ADM Prediction (Made Before Running Models)
Predicted winner: Hybrid. KDM provides a physiologically grounded prior using published normative aging curves. ML alone must learn these from scratch with only 1,907 samples — it will overfit. But KDM assumes linear biomarker-age relationships and ignores interactions. The hybrid uses KDM’s estimate as a strong prior, then learns residual nonlinearities.
Expected: KDM > ML alone (insufficient data); Hybrid > KDM (residual nonlinearities). Actual: KDM r=0.527, ML r=0.478, Hybrid r=0.631. Prediction confirmed.
Three grouped bar clusters showing Pearson r for KDM (domain), ML, and Hybrid across forward split-half, reverse split-half, and self-rated health correlation. Hybrid wins the forward validation that matters most for clinical use. ML wins on reverse (predicting biomarkers from outcomes) and self-rated health.

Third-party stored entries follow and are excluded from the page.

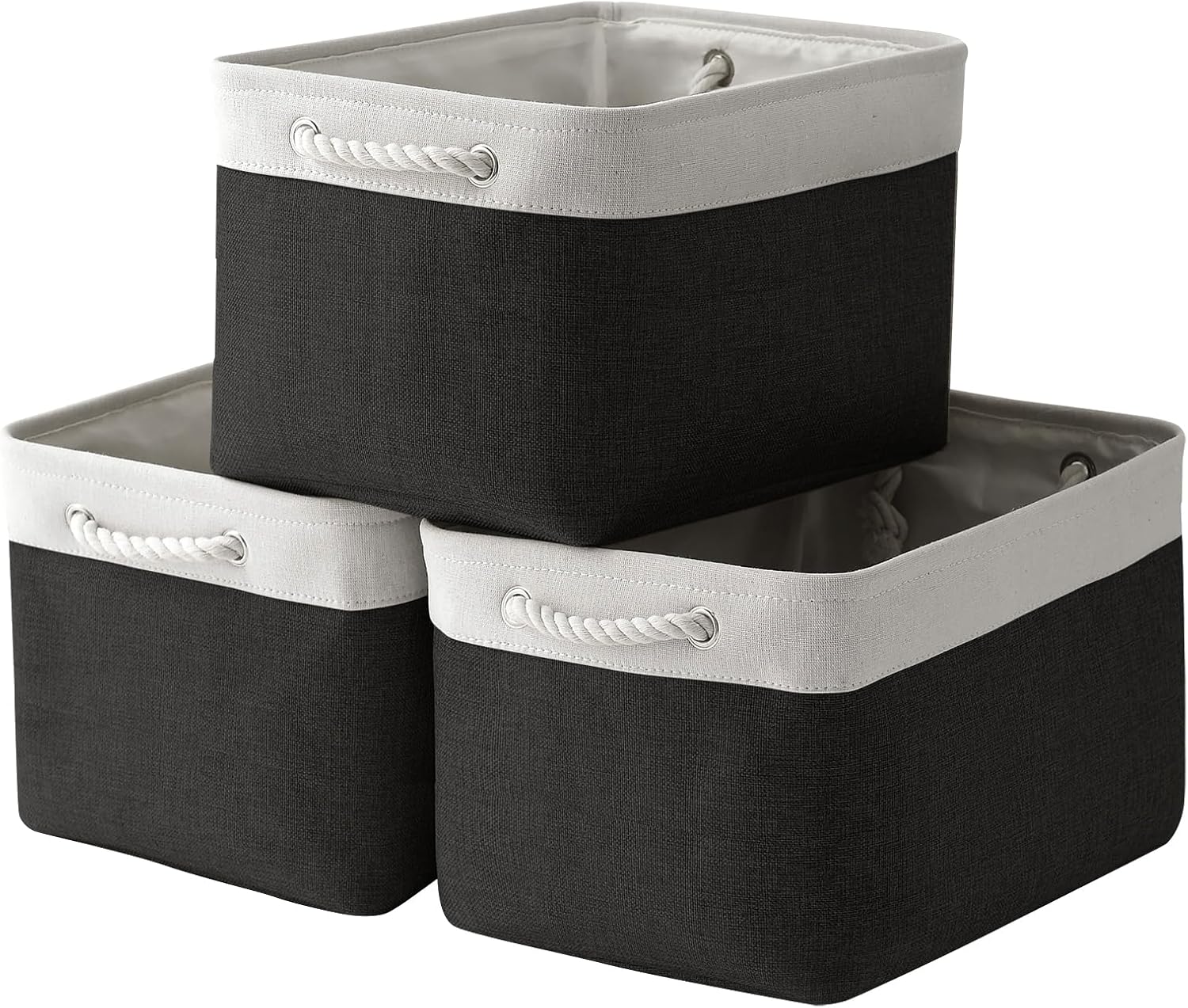 TheWarmHome Storage Basket for Gifts Empty - Large Cubes 3 Pack 15.8x11.8x11.8 inch Storage Bins for Organizing Book Cloth Bathroom Toy (White & Black)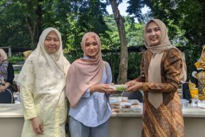 (kiri) Ketua DWP FTSPK ITS Husna Adjie dan (kanan)istri Rektor ITS Galih Kanestri Dewi saat menyerahkan langsung nasi berkah kepada mahasiswa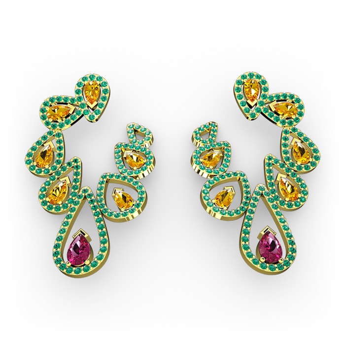 Rodolit garnet, sitrin ve yeşil kuvars 8 ayar altın küpe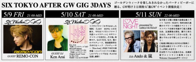 SIX TOKYO GOLDEN WEEK SPECIAL 11DAYS 2014 開催決定!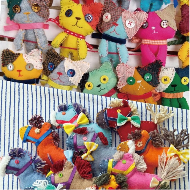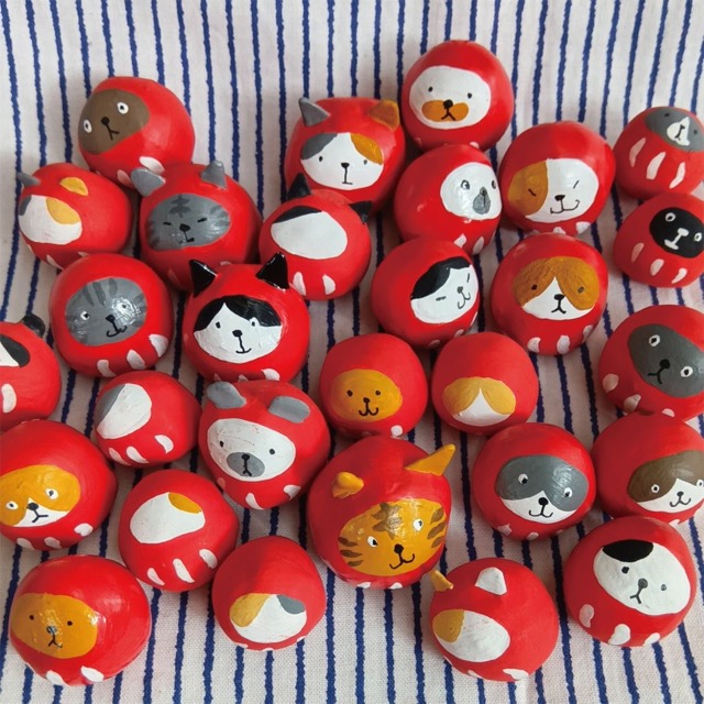 - ちんまり寄り添う 猫や犬や馬の小さく可愛いものを並べて、 フエルトバッチや小さいだるまいます。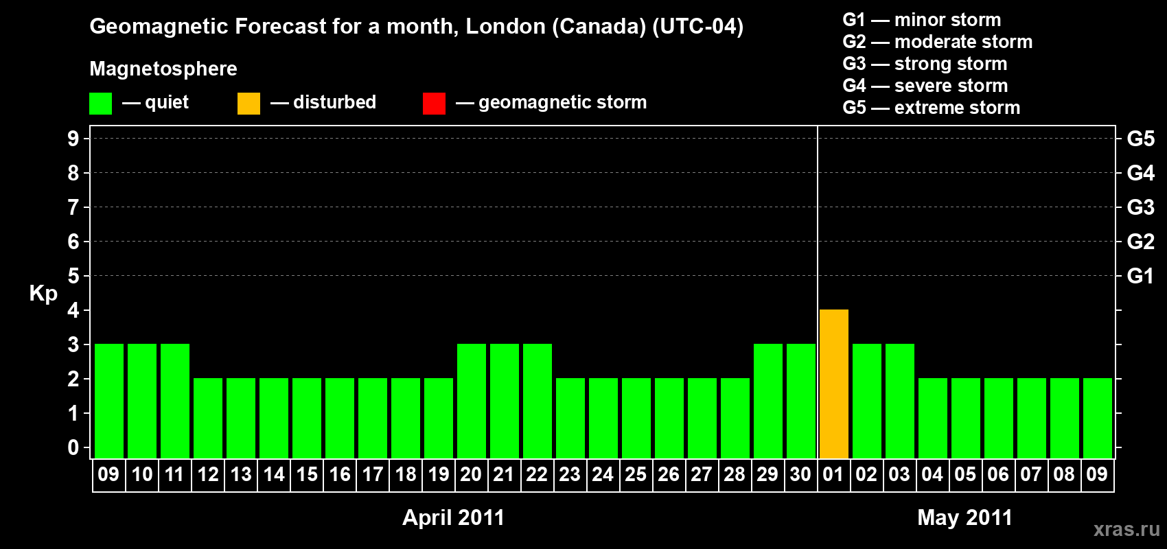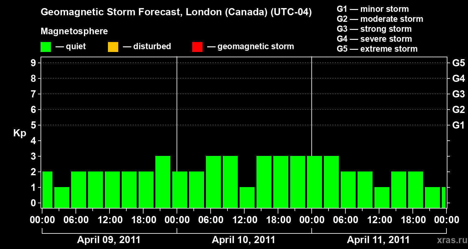 Geomagnetic storm forecast in London (Canada) for Apr 09, 2011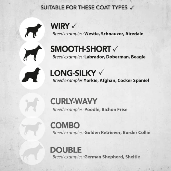 For use on main areas of the coat, a trimmer should be used around eyes, muzzle and sensitive areas.
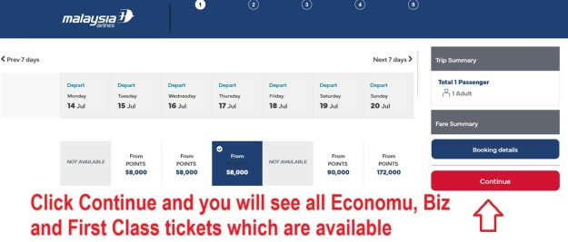 Step 4 – You will then see the Enrich Points required for Economy Class. Click on “Continue” and it will show you all available Economy, Premium Economy, Business Class and First Class which are available for redemption plus the Enrich Points required.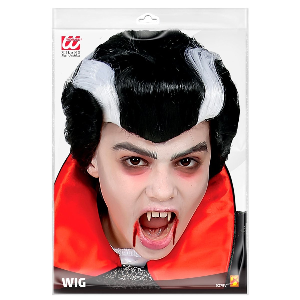 Peluca Halloween Negro Blanco Vampiro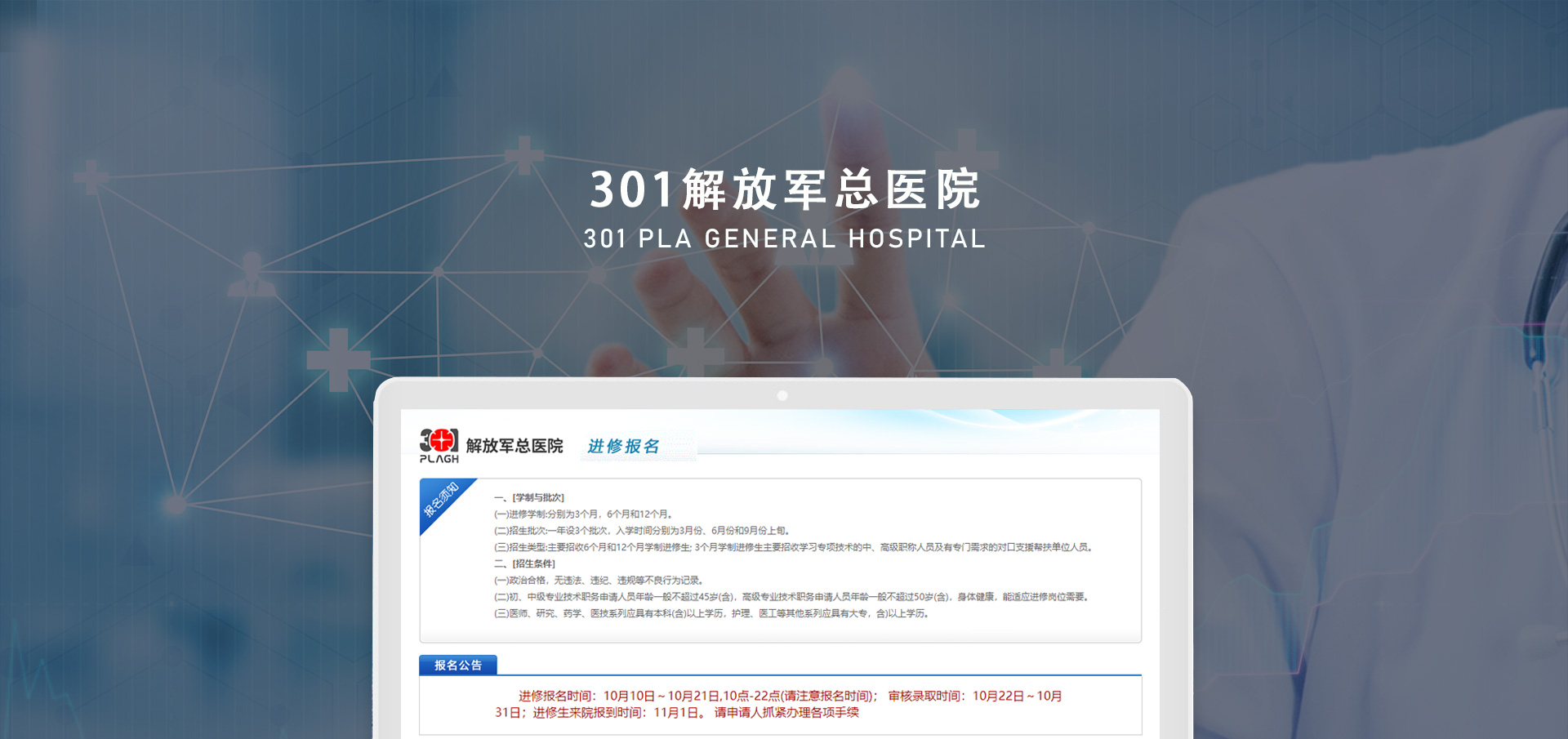 文章标题:解放军总医院301医院进修报名系统开发案例欣赏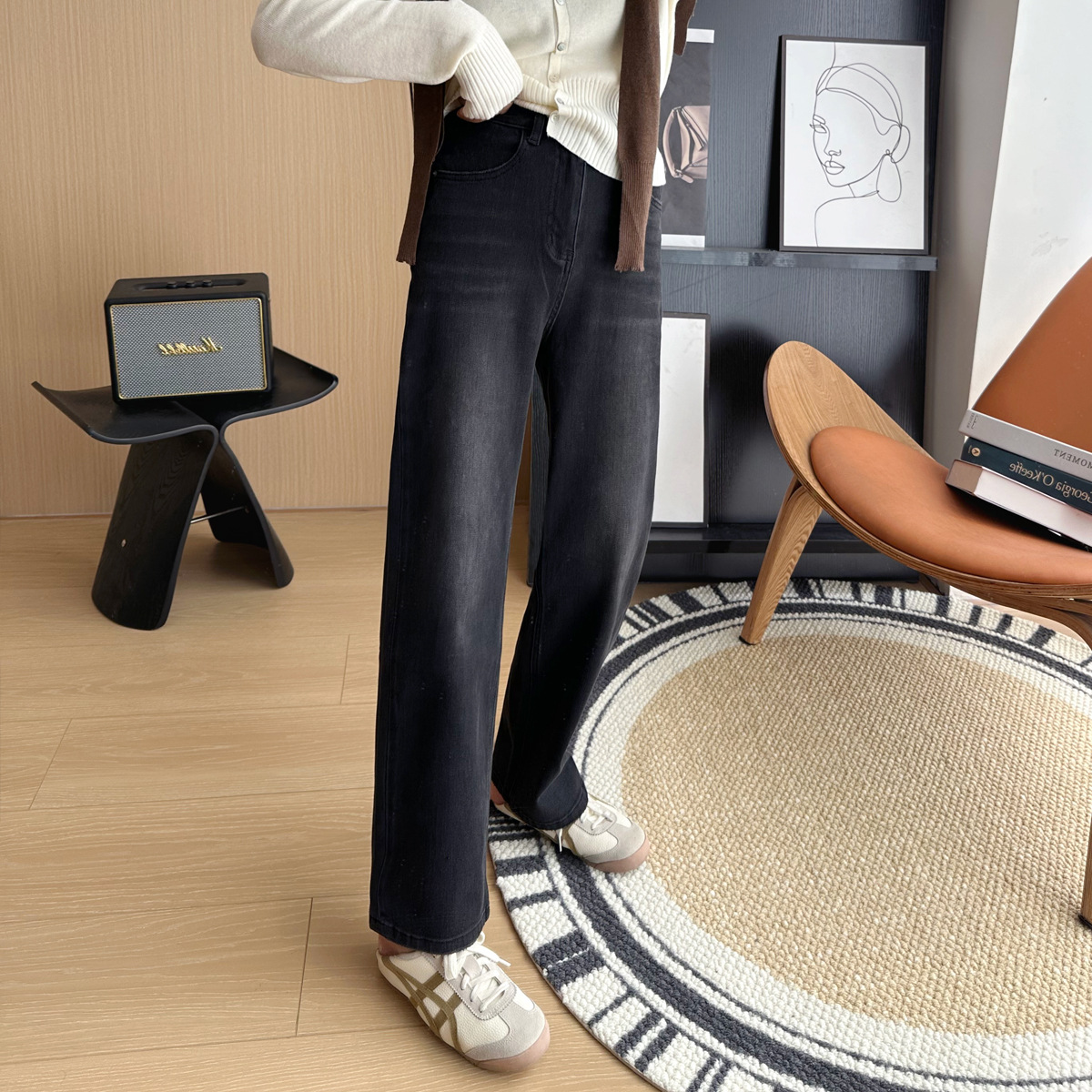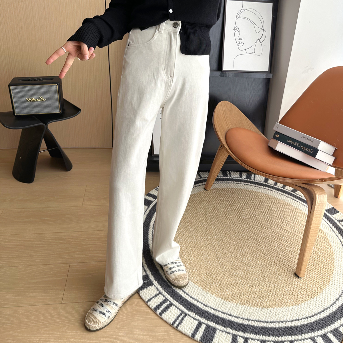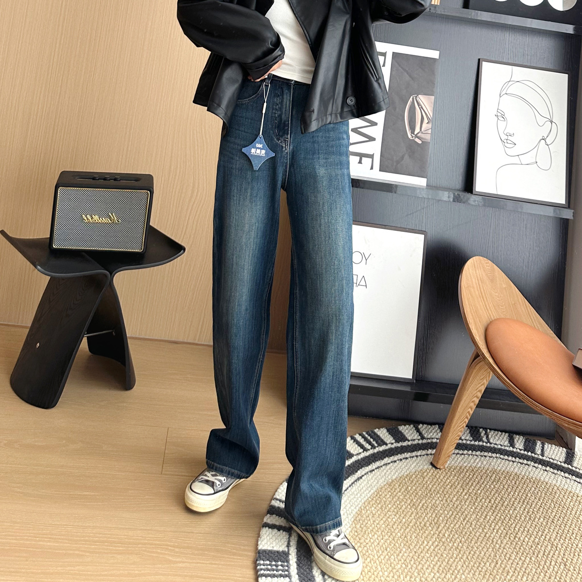 Закройте глаза в серии! В этом году новые четырехзарядные весенние джинсы женская узкая версия показывает худые ноги прямые брюки с широкими ногами
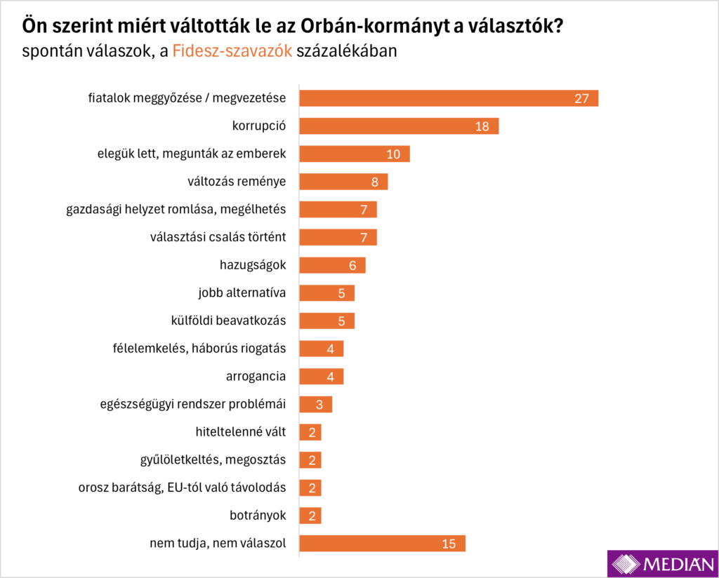 A fideszesek ebben a kérdésben is egy kicsit másképp vélekedtek, mint a nyertes párt szavazói, vagy akár a két nagy táboron kívüliek. Az Orbán-hívők 27 százaléka szerint a fiatalok félrevezetése okozta a Fidesz bukását. Bár nem olyan sokan, de voltak, akik szerint választási csalás történt, vagy külföldi beavatkozás okozta a rendszer leváltását. A többség azonban a leköszönő kormánypárt szavazói között is úgy látja, hogy a társadalom nagy részét zavarta a korrupció, a hazugságok és a megélhetési nehézségek, betelt a pohár, az emberek változást akartak.

Three individuals illustrate the range of biological aging. The “healthy ager” (chrono 56, bio 47.5) shows how good biomarkers translate to younger biological age. The “accelerated ager” (chrono 45, bio 60.1) shows how elevated HbA1c and CRP can add 15 years of biological aging.
The KDM formula regresses each biomarker against chronological age to get slopes and residual standard deviations, then combines them using a weighted maximum-likelihood estimator. The result is a biological age estimate depending only on blood biomarkers.
Split-half validation splits the sample in two halves. KDM coefficients are trained on Half A, predictions made for Half B. Then we check: does the predicted biological age correlate with aging outcomes in Half B? This prevents the circular reasoning that inflated earlier studies (r=0.965 was just predicting chronological age).
Self-rated health is fully external: people who rate their health as “Poor” should have higher biological age deltas than those who rate it “Excellent.” This provides independent confirmation.
ADM Insight
This investigation had to be rewritten. The original hybrid model achieved r=0.965 — suspiciously perfect. It was predicting risk factors from the biomarkers that define those risk factors. Split-half cross-validation breaks this circularity: train on blood labs, validate against clinical outcomes. The hybrid drops to r=0.631 — genuine biology, not tautology. And the star finding: KDM_Delta (the domain knowledge variable) is the #1 feature in the hybrid model, with 44% of total importance. Domain knowledge isn't replaced by ML. It's the backbone that ML extends.
Why does ML alone (r=0.478) underperform KDM (r=0.527)? With only 1,907 samples and 7 biomarkers, the neural network overfits to noise. KDM provides a physiologically grounded prior — it knows which biomarkers should increase or decrease with age and weights them by their biological reliability. The hybrid model succeeds because KDM constrains the search space while ML learns the residual patterns KDM misses. This is the ADM thesis in miniature: encode what physiology tells you, then let data handle the rest.
Small sample: N=1,907 from NHANES 2017-2018. This limits the ML model's ability to learn complex patterns and may explain why ML alone underperforms KDM. Larger cohorts (UK Biobank, N>500K) would likely narrow or reverse this gap.
Cross-sectional only: Biological age is estimated from a single snapshot. Longitudinal tracking (does higher bio-age predict faster decline?) would be a stronger validation than cross-sectional correlation.
Self-rated health as external validator: SRH is subjective and correlated with depression, socioeconomic status, and cultural factors. Stronger external validators would include mortality, disease onset, or functional decline — requiring longitudinal follow-up not available in NHANES.
Seven biomarkers only: KDM uses 7 blood biomarkers. Adding epigenetic clocks (DNA methylation), telomere length, or proteomics could substantially improve all three models.
No fairness analysis: Bio-age estimation may perform differently across racial/ethnic groups, sexes, and socioeconomic strata. Subgroup validation not yet performed.